Now Groupon’s main competitor, LivingSocial Inc. (owned in part by Amazon (NASDAQ: AMZN)) is about to reduce its staff by 9%, or 400 employees, as the market for daily deals and other flash discounts continues to dry up. LivingSocial employs roughly 4,500 people.

The “daily discounts” product market has not grown since the IPO of Groupon one year ago. The IPO was the largest tech debut at the time. But since then, shares have declined rapidly. Google offered $6 billion for Groupon in 2010. At the time of the IPO the company was valued at $13 billion. However, today Groupon is valued around a much lower $3 billion.

LivingSocial said earlier this year that it had no intentions of going public, having learned its lesson by watching the Facebook (NASDAQ: FB) and Groupon IPO troubles. LivingSocial reported a $565 million loss for the third quarter, on revenue of $124 million, according to Amazon (who owns a 30% stake in the company). Amazon, a normally healthy and strong company, took a $169 million third quarter loss related to LivingSocial, a major hit in the behemoth’s quarterly earnings. It was Amazon's first major loss in more than nine years. Amazon invested $175 million in LivingSocial in 2010.

More signs that the “daily deals” market is doomed are rumors that Groupon CEO, Andrew Mason, may be on his way out. Mason, 32, founded Groupon in his 20s and led it to become the fastest ever web company to record $1 billion in sales, according to Forbes magazine.

Mason has no delusions about his stability as CEO. Mason said, "Here's a news flash: our stock is down about 80%, it would be weird if the board wasn't discussing whether I'm the right guy to do the job. It's their chief responsibility to ask that question."

Groupon posted a loss of $2.98 million in the third quarter.  

Tech companies that are more “entertainment” than “need” based, such as Facebook, Groupon, and LivingSocial are faced with the two great business conundrums: serve the buying public, or the merchants whose services are sold? Keeping the public happy (giving them what they want at a price they can afford) does not always equate to helping merchants meet their goals (make money).

Since its November 2011 IPO, Groupon has lost over 81% of its value, as the reality failed to live up to the hype (not unlike Facebook). When looking at a company, investors must consider more than what the company is worth on paper and in assets, but also what the company offers the market. What value does it add? Can the market survive without this company? Or would its demise leave a notable hole? What is the goodwill?

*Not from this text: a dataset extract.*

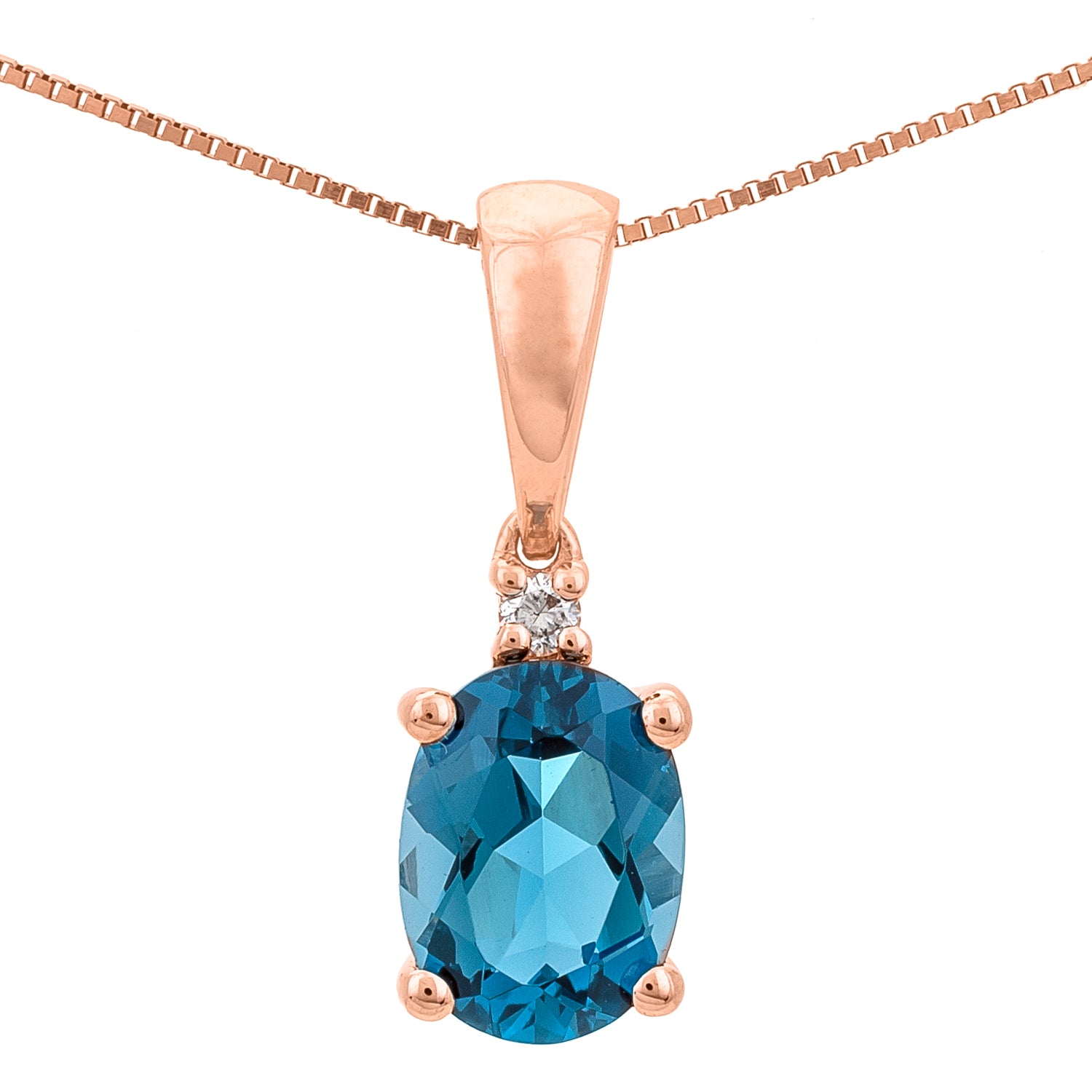 Decorate yourself in elegance with this Pendant is crafted from 10-karat Yellow Gold by Gin & Grace. This Pendant is made up of Oval-cut Brazilian London Blue Topaz (1 Pcs) 1.60 carat and Round-cut White Diamond (1 Pcs) 0.02 carat. This Pendant is weight 0.68 grams. This delicate Pendant is polished to a high finish shine.

Investors in eBay (NASDAQ: EBAY) should also take careful note of the proceedings at LivingSocial and Groupon. The auction site has rolled out “Lifestyle Deals,” an offering that looks an awful lot like Groupon. eBay now offers daily deals on services (not products - that's a different offering within in the site) to members that are similar in nature to LivingSocial and Groupon.

More competition may be a good thing in the “daily deals” market, if there is a market at all for daily deals. Groupon currently has 53% of the market share. However, given eBay's current membership, business partners, and deep pockets may make it just the company to give Groupon a run for their money. But before worrying too much about the damage the competition may do to Groupon and LivingSocial, ask whether or not the new eBay program will even survive.

ErinAnnie has no positions in the stocks mentioned above. The Motley Fool owns shares of Amazon.com and Facebook and has the following options: long JAN 2014 $20.00 calls on Facebook. Motley Fool newsletter services recommend Amazon.com, eBay, and Facebook. Try any of our Foolish newsletter services free for 30 days. We Fools may not all hold the same opinions, but we all believe that considering a diverse range of insights makes us better investors. The Motley Fool has a disclosure policy. Is this post wrong? Click here. Think you can do better? Join us and write your own!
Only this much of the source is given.